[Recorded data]
⁂

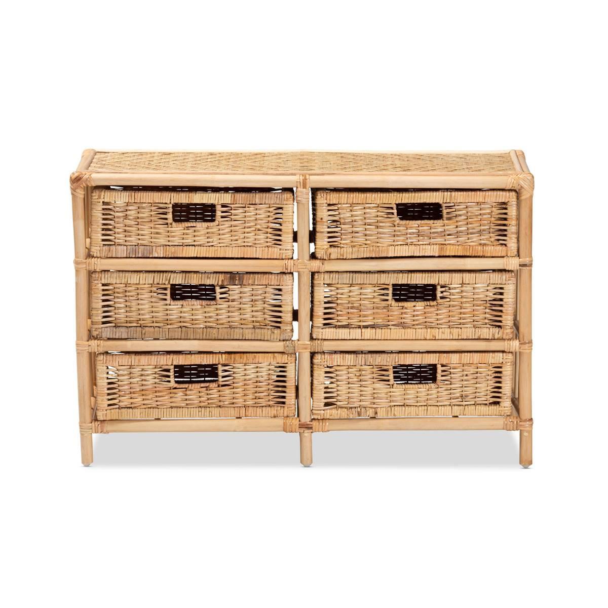 Upgrade the storage potential of your home while adding an exotic touch of warmth with the Baxton Studio Dariana storage cabinet. Made in Indonesia, this handy addition is comprised of natural rattan. Six drawers offer space to organize household essentials, while the woven rattan tabletop serves as an eye-catching pedestal for decorations. The Dariana will arrive fully assembled and features cut-out drawer handles that complement the openwork frame of the piece. With a petite yet versatile design, the Dariana storage cabinet is sure to make an impact on any room layout.
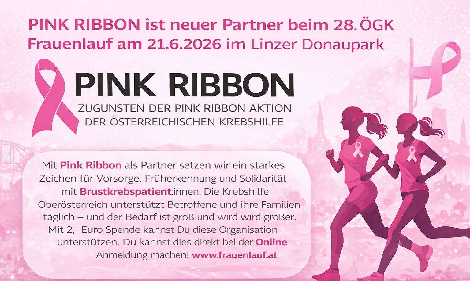 Alle Teilnehmerinnen erhalten ein Pink Ribbon als sichtbares Symbol der Unterstützung. Gemeinsam laufen. Gemeinsam helfen.
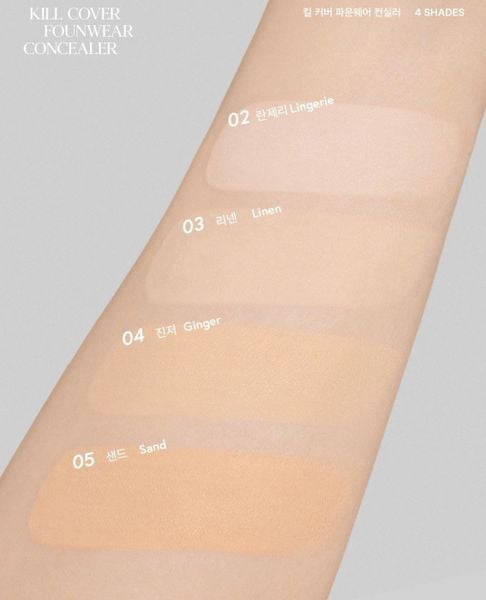 - Kill Cover Founwear Concealer lâu trôi trên da, giúp không để lộ khuyết điểm hoặc làm chảy nền trong nhiều giờ liền.
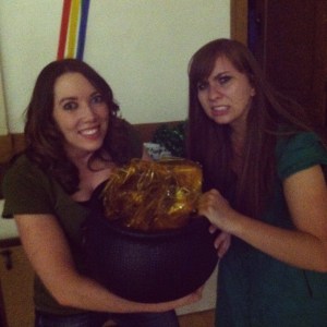 Emily and Courtney "fighting" over the pot of gold at the end of the rainbow.
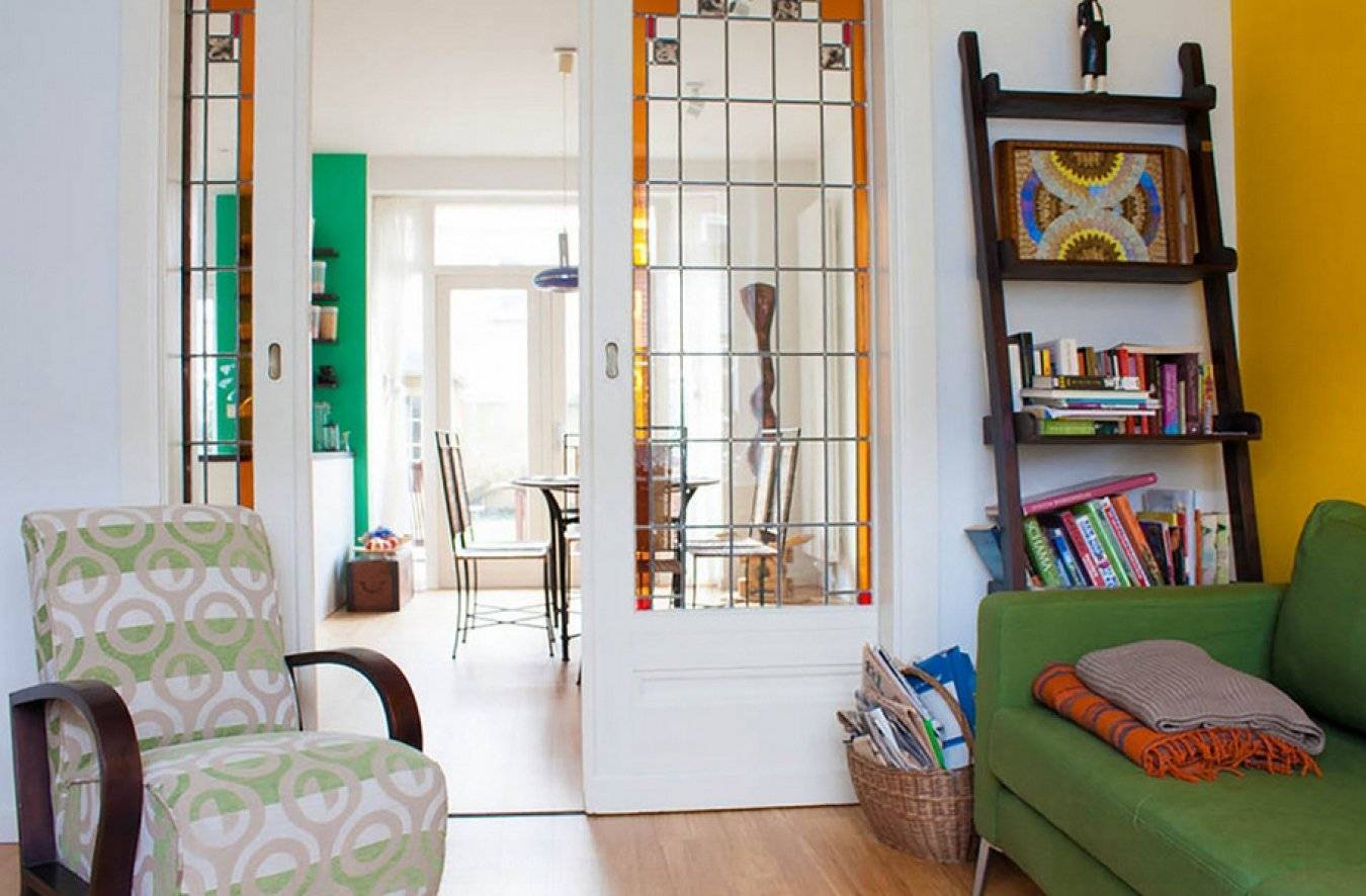 - Перегородки и ширмы с витражным остеклением отлично подойдут для зонирования. Например, для отделения зоны готовки в кухне-гостиной. Или для обустройства домашнего кабинета в спальне или гостиной.
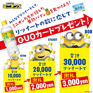 応募方法:Twitterにてサントリー天然水アカウントをフォローし、ハッシュタグ「#甘熟パインをミニオンズが隠しちゃった」の投稿をリツイート
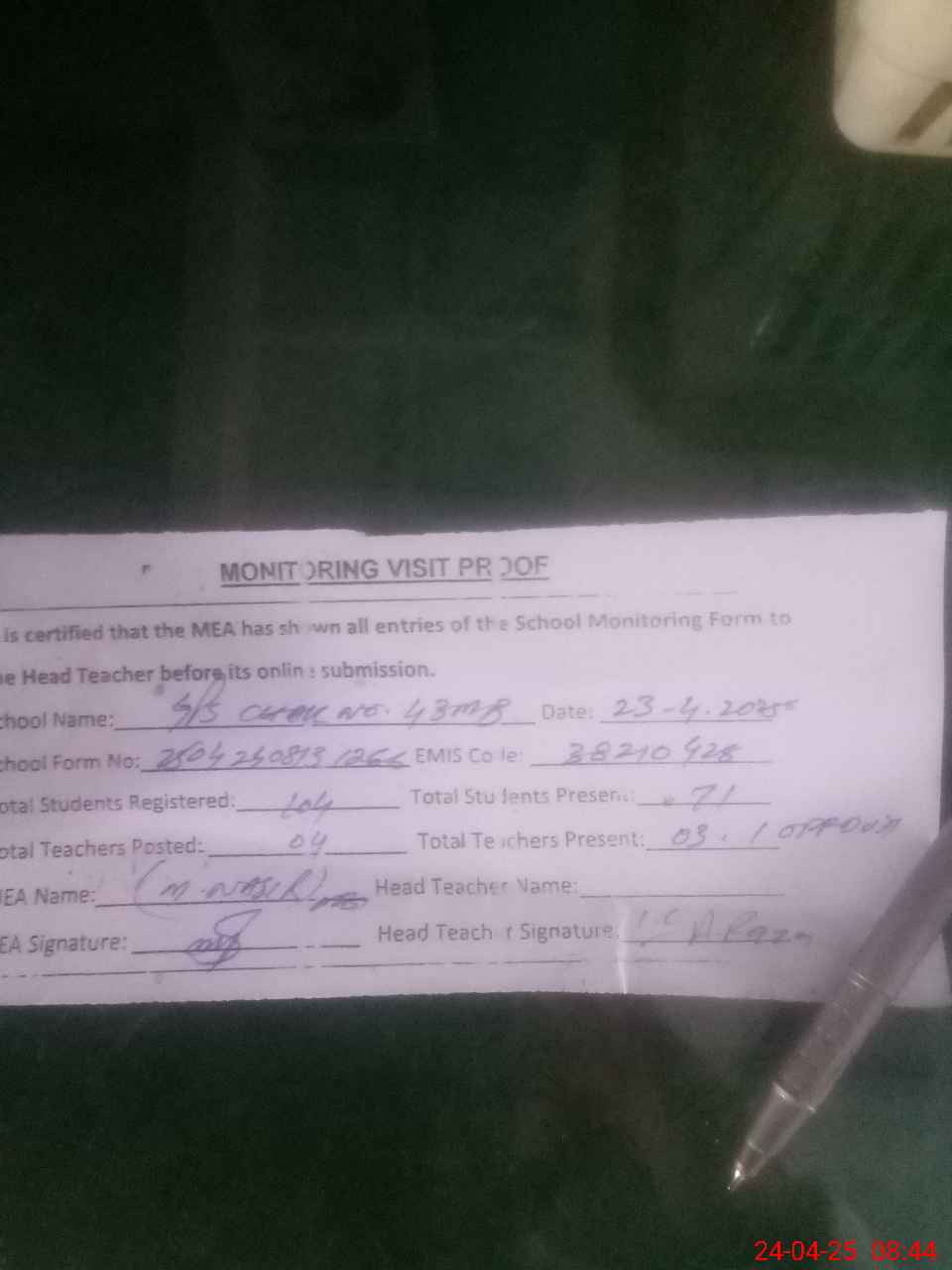 | Attendance Register | Head Teacher | MEA with School | Visit Proof |

⁂

EXERCISE
Print the data exactly, from its first line to the line containing "Emily and Courtney", both included. Omit the pictures.

ANSWER TO THIS TASK
 Upgrade the storage potential of your home while adding an exotic touch of warmth with the Baxton Studio Dariana storage cabinet. Made in Indonesia, this handy addition is comprised of natural rattan. Six drawers offer space to organize household essentials, while the woven rattan tabletop serves as an eye-catching pedestal for decorations. The Dariana will arrive fully assembled and features cut-out drawer handles that complement the openwork frame of the piece. With a petite yet versatile design, the Dariana storage cabinet is sure to make an impact on any room layout.
 Alle Teilnehmerinnen erhalten ein Pink Ribbon als sichtbares Symbol der Unterstützung. Gemeinsam laufen. Gemeinsam helfen.
 - Kill Cover Founwear Concealer lâu trôi trên da, giúp không để lộ khuyết điểm hoặc làm chảy nền trong nhiều giờ liền.
 Emily and Courtney "fighting" over the pot of gold at the end of the rainbow.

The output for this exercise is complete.